I know I know I know, Haiku is more about what American kids learned in 3rd grade, a grouping of 5 -7 – 5 syllables …

But you can read my What Is … section for a discussion on that and what I do.

Bottom line, my blog, my rules so end around back to using expletive …

Does it count for 4 or for the 1 or maybe 2 or even 3 syllables of the expletive that was deleted.

As I mentally try to fill in the blanks, I am sure that I am coming with more and more coarse terms than Coach Auriemma used.

And counted expletive for 4.

As for use of language, Mr. Bill Veeck would say, if you want to limit your vocabulary to about seven words, use profanity.

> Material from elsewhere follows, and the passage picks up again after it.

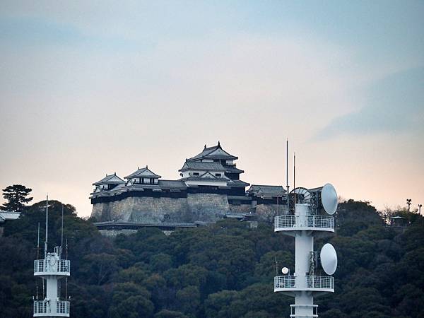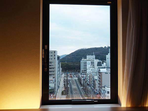 一開窗,上方眺望松山城,眼下松山市電正穿梭在街頭。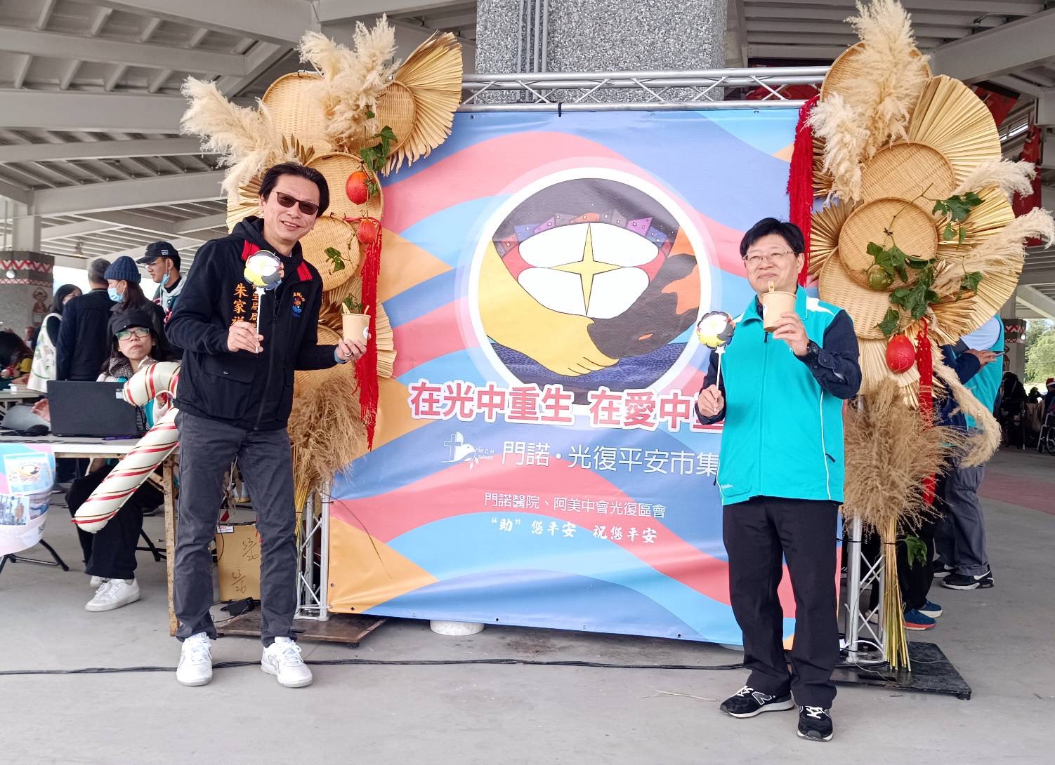 923光復洪災重創在地生機,門諾醫院今天(28日)上午在光復鄉太巴塱祭祀廣場舉辦「在光中重生、在愛中重建」平安市集,邀集超過70家攤商齊聚一堂,其中八成以上來自光復。對許多人來說,這不只是一場市集,更像一場久違的團圓。有災民感嘆:「好久沒看到這麼多人了!」。災後的寂靜,被這一天的人聲與陽光溫柔打破。「身體慢慢好了,心跟生活,也要一起站起來」!

However as Mr. Mark Twain said, there are so damn few words everyone understands.

Like the cook said, when Admiral Halsey called him out to thank him a great dinner, “Ah horseshit Admiral, You don’t have to say that”

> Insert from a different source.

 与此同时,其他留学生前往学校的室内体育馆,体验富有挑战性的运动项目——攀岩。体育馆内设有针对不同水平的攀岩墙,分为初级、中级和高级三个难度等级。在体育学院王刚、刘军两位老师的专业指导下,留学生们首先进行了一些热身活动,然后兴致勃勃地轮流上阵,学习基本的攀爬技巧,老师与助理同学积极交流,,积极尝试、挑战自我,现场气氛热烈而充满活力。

3.28.2025 – like a tired man —

like a tired man —
wind tapped boldly answered —
entered then within

Adapted from The Wind — tapped like a tired Man by Emily Dickinson

The Wind — tapped like a tired Man —
And like a Host — ”Come in”
I boldly answered — entered then
My Residence within

A Rapid — footless Guest —
To offer whom a Chair
Were as impossible as hand
A Sofa to the Air —

No Bone had He to bind Him —
His Speech was like the Push
Of numerous Humming Birds at once
From a superior Bush —

His Countenance — a Billow —
His Fingers, as He passed
Let go a music — as of tunes
Blown tremulous in Glass —

He visited — still flitting —
Then like a timid Man
Again, He tapped — ’twas flurriedly —
And I became alone —

I am so tired.

A sofa to the air is just about right.

I have no bones to bind me and I let go music as blown in tremulous in glass.

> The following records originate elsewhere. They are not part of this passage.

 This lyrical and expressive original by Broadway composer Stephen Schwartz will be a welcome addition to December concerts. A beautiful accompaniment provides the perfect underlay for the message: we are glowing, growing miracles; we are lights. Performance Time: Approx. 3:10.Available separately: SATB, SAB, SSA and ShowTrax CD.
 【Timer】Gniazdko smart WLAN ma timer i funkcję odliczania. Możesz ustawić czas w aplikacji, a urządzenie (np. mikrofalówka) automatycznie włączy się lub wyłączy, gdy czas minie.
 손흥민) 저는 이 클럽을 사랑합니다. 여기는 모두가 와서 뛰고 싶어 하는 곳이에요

Along in again all inside my head.

3.27.2025 – otherness of what

otherness of what
may have happened millions of
years ago come gone

Adapted from the quote of Geoffrey Rush where he says:

I’m just completely obsessed by the otherness of what’s out there. Everyone says one day they’ll suddenly go: “There’s been definite communication with beings or creatures or overdeveloped insects that went into a different direction. They’re making contact with us.” The magnitude of it all! But that may not even happen. It may have happened millions of years ago and come and gone.

In the article, ‘Geoffrey Rush on Pirates, Pinter and pugs: ‘Just be happy we evolved on this bit of rock’ by Catherine Shoard on March 27, 2025.

I’m just completely obsessed by the otherness of what’s out there.

Everyone says one day they’ll suddenly go: “There’s been definite communication with beings or creatures or overdeveloped insects that went into a different direction. They’re making contact with us.”

The magnitude of it all!

But that may not even happen.

It may have happened millions of years ago and come and gone.

As Mr. Fermi would ask, “Where are the von Neumann machines?”

Which pointed folks in the direction that if there WAS intelligent life in the universe, why had they not developed the type of machines predicted by John von Neumann and that those machines should have been here by now.

According to one website, “A Von Neumann Machine is defined as a computer system that follows the von Neumann architecture, characterized by a centralized control unit, primary memory for storing instructions and data, an arithmetic and logic unit for operations, and a register bank for storing intermediate results.”

In other word, they built, regenerated and sustained themselves, making them the perfect means of space travel.

Since they didn’t show, they hadn’t been built.

Since they hadn’t been built, there was no intelligent life.

Then again, perhaps as Mr. Rush puts it, it may have happened millions of years ago and come and gone.

Or maybe, the fact that they have been to Earth and leave us alone proves just how intelligent the life forms out there really are.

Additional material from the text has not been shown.